When you get to the bottom of Paradise you get the climb that separates the women from the girls and the men from the boys, Cayuse. This is a long, lonely climb. The Ramrod folks thankfully put a rest stop halfway up the climb. After getting to Cayuse Pass its kind of all down hill to Enumclaw. The only thing that keeps it from being a great cruise back is a fairly stiff breeze, which is pretty common. After nearly bonking in Greenwater I made it back to Enumclaw a little over 9 hours later. 

Nice ride and the Redmond Cycling Club does a nice job in setting up break spots with Sanikans. Unlike STP none of the stops had nice sunny pieces of grass to lay on and get lost for a few minutes.


----------



## rcnute (Dec 21, 2004)

Thanks for the report. I hope I finally get in the lottery next year. Waiting for the Torture 10,000 in a couple weeks. . .


----------



## JP (Feb 8, 2005)

We must have passed each other all day. We started around 5:45 and finished 9 hours later. For me it was a good effort because I expected to take much longer, and I finished with my friends who are usually much faster than me. We didn't see any of the accidents you mentioned. I went out easy so I wouldn't blow up. With 5 miles to go on Cayuse, I still felt great, so I decided to let my heart rate go up a bit. After feeling really strong for a couple of miles, I promptly cramped, but I was able to ride it off. Amazing how fast I went from thinking, "wow, I'm flying" to "uh, oh. I've got 3 miles of pass to climb, and my leg wants to lock up." I got dehydrated on that pass, but managed to tank up, so I felt better later. Tough ride, but very fun. We got lucky with the weather. You would not believe how much dinner I ate. I'm off to a hot tub.


----------



## rcnute (Dec 21, 2004)

jplatzner said:


> We must have passed each other all day. We started around 5:45 and finished 9 hours later. For me it was a good effort because I expected to take much longer, and I finished with my friends who are usually much faster than me. We didn't see any of the accidents you mentioned. I went out easy so I wouldn't blow up. With 5 miles to go on Cayuse, I still felt great, so I decided to let my heart rate go up a bit. After feeling really strong for a couple of miles, I promptly cramped, but I was able to ride it off. Amazing how fast I went from thinking, "wow, I'm flying" to "uh, oh. I've got 3 miles of pass to climb, and my leg wants to lock up." I got dehydrated on that pass, but managed to tank up, so I felt better later. Tough ride, but very fun. We got lucky with the weather. You would not believe how much dinner I ate. I'm off to a hot tub.

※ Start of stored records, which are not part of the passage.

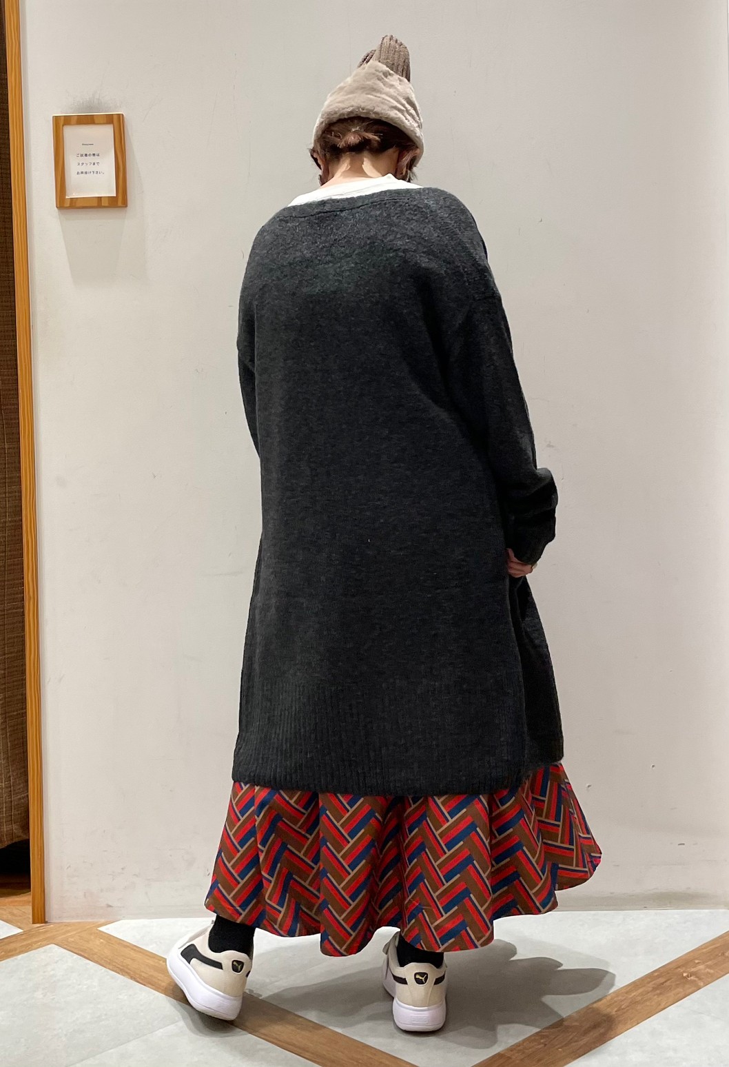 鮮やかな柄スカートにシックな色合いのチャコールカラーのカーディガンを合わせた、どなたにでも取り入れやすい大人カジュアルコーデ!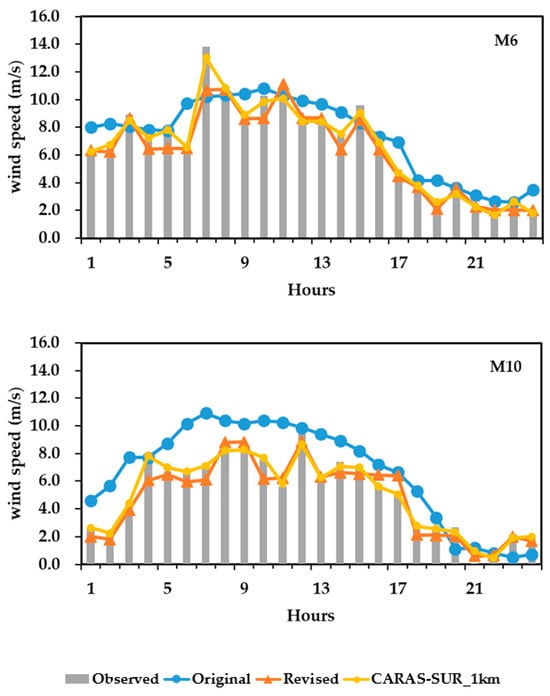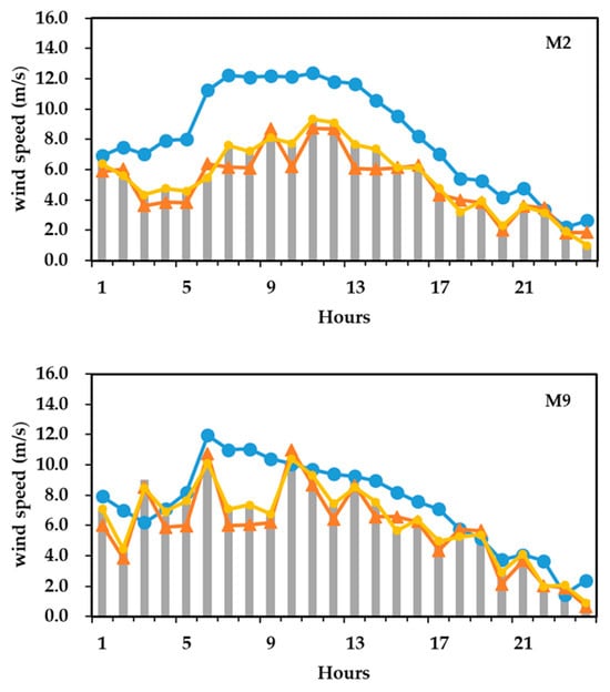 The time series plot of wind speeds at representative meteorological stations on 26 April 2022. M2—Zhangbei, M9—Qiaodong, M6—Xuanhua, M10—Huailai.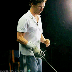 Benedict during fencing rehearsals for Hamlet (from Hamlet digital programme, available here for iPhone/iPad)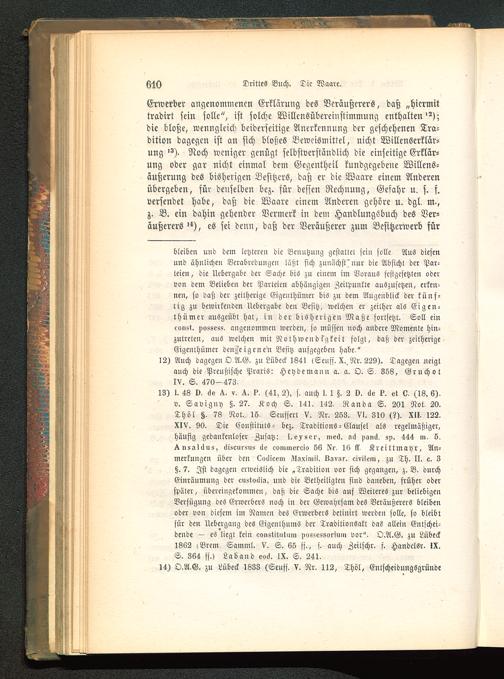 13) I. 43 0, ae .4. v, ?. (41, 2), f. auch I. 1 §. 2 0. (i<- ?. «t l), (18. 6).v. Saviguy §. 27. Koch S. 141. 142, Randa S. 201 Not, 20.Thöt §, 78 Not., IS, Senffert V. Nr. 253. VI. 310 (?). XII. 122.XI V. 90. Die Eonstitnts- bez. Traditions - Clausel als regelmäßiger,hänfig gedankenloser Zusatz: I^e^ser, med. «ck psnck, sn. 444 in, 5,>nsal>lns, lliseursu« <Io eommereio 56 IVr, 16 ik, Kreittmayr, An-merkungen über den Loilicem Aliiximi!, k.ivsr. eivi>>.-in, zu Th. II. c. 3§. 7. Ist dagegen erweislich die „Tradition vor sich gegangen, z. B. durchEinräumung der c»5to«lig, und die Betheiligten sind daneben, früher oderspäter, übereingekommen, daß die Sache bis ans Weiteres znr beliebigenVerfügung des Erwerbers noch in der Gewahrsam des Veräußerers bleibenoder von diesem im Namen des Erwerbers dclinirt werden solle, so bleibtfür den Uebergang des Eigenthums der Traditionsatt das allein Entschei-dende — es liegt kein constitutmn po«svs8orium vor". O.A.G. zu Lübeck 1862 lBrem Samml. V. S. 65 ff., f. anch Zeitschr. f. Handelsr. IX.S. 364 ff.» Lab and eoil. IX. S. 241.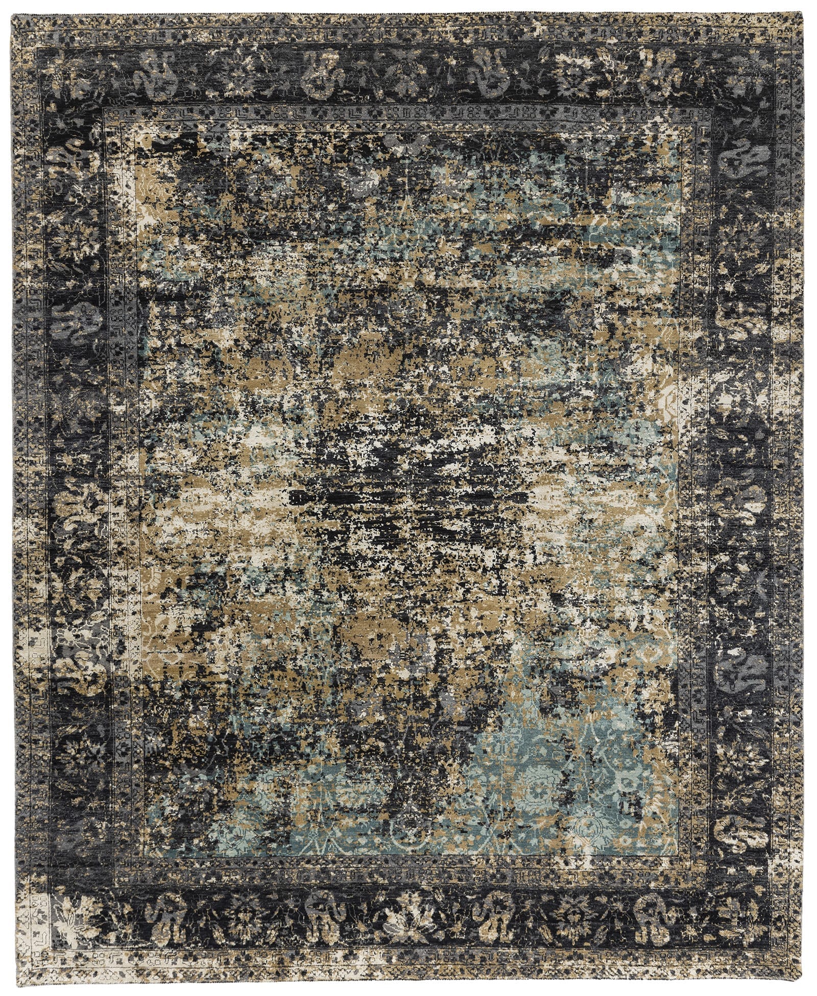 Hand-knotted with luxurious wool and silk, the Mira Charcoal Turquoise rug features a distinctively distressed traditional pattern and a blend of neutrals enriched with highlights of gold and turquoise, creating a timeless piece of artful refinement. Mira Charcoal Turquoise is available in our standard room sizes; custom sizes, runners, squares and rounds available. Our rugs are normally available for delivery within 10 to 90 days. Contact us or Request a Quote for timing on the rug and size of your choice.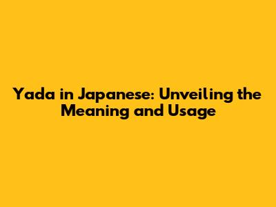 Yada In Japanese: Unveiling The Meaning And Usage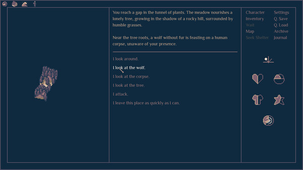 Roadwarden est une aventure qui se déroule entièrement par écrit avec quelques illustrations des endroits que l’on visite en un joli pixel art dans les tons sépias. Une trame sonore d’ambiance nous plonge également dans ce monde fantastique glauque.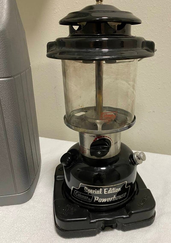 This Coleman Powerhouse lantern was manufactured around 1988 as a special edition version of their popular portable gas lanterns.

Guess all that training paid off, huh?


----------



## borregokid (Jun 9, 2005)

A couple of thoughts on the lottery and ticket demand. I was talking to someone on the ride, maybe a club member and they said they did 250 transfers. I figure the only way they would have that many transfers is if people sent in multiple applications, probably using wives, kids names. There were only a handful of transfers that came up on the board. I guess one way to get a ticket is to send in a few applications. 

Compared to STP there really wasnt much in the way of pace lines. The hills kind of made them difficult. Maybe my best memory was some really young guys- age 20 or so forming a pace line and passing me like I was standing still at the bottom of backbone ridge. After about 100 yards I passed them all, never saw them again. 

The first riders put some space on everyone else. I talked to a guy who was the 10th rider to come in and he said he stopped in Greenwater for 30 minutes and during that time no one came by. There was also a woman rider who I think was in her 40's that was out near the front. Too bad they dont time results.


----------



## Gnarly 928 (Nov 19, 2005)

*Ask and maybe you will eventually receive...*

[Compared to STP there really wasnt much in the way of pace lines. The hills kind of made them difficult. Maybe my best memory was some really young guys- age 20 or so forming a pace line and passing me like I was standing still at the bottom of backbone ridge. After about 100 yards I passed them all, never saw them again. 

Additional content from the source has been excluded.